That is, until you find yourself operating in an environment where you don't get affirmed very often. 

If you're living in an environment devoid of encouragement, you might not immediately notice its ill effects. When you do, you might not recognize them as such. It's hard to get going in the morning...well, that's normal, right? Energy levels sag, we need more naps...well, we are getting older.  We're less motivated to do things that used to turn our cranks...should we get our hormones checked? We hear ourselves snapping with the people we claim to love most...well, kids are irritating, aren't they? Or maybe we're just rotten people? When our health seems to be diminishing and our attitudes need adjusting, we tend to do one of two things: accept it as normal, or blame our flawed selves.

Curiously, we don't do that this with plants. If a plant fails to thrive, we don't call it normal, and we don't blame the plant. We recognize, rightly so, that something's gone wrong in the environment--that the soil lacks nutrients, or the plant was attacked by a disease or pest or severe weather event, or the amount of light or water received was too little or too much based on the needs of that particular plant. We don't dowse ferns in ethyl alcohol rather than water and expect them to thrive (or even survive); we don't plant bulbs in sand and expect them to bloom; we don't put our herb gardens in a windowless basement and act surprised when they wilt. We know that living things require the right mix of soil and water and light. 

The fact that human beings are also living things--well, sometimes we seem to forget that. But we need the same stuff that plants need.
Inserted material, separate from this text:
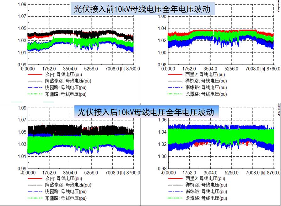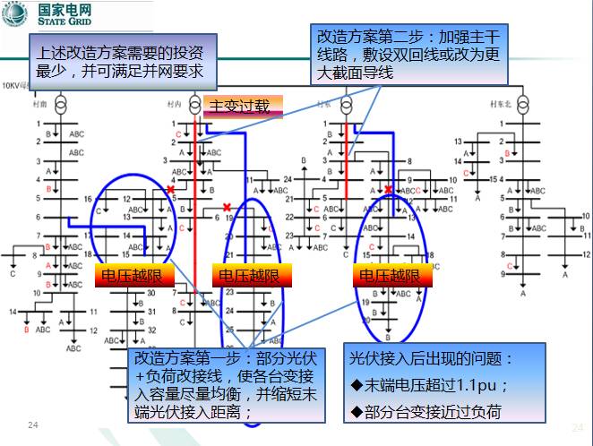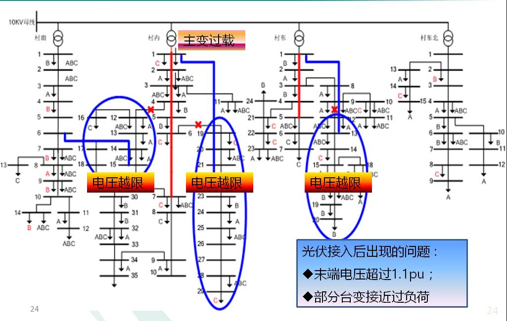 光伏接入后出现的问题:末端电压超过1.1pu;部分台变接近过负荷。

A couple of days ago, a journal accepted one of my articles for publication. Of course hearing "yes" is always a good feeling, especially in an endeavor where "no" is more the norm. But this time, "yes" felt especially energizing--so much so that it stunned me to realize how deprived of professional encouragement I've been lately.  (As a crazy but weirdly wise relative once told me, "You drink water every day and don't think about it, until you find yourself parched in a desert. If someone gives you a drink then, that's the one you'll remember.") It made me realize just how serious the consequences of long-term demoralization can be, not just on the individual level but on the wider scale as well.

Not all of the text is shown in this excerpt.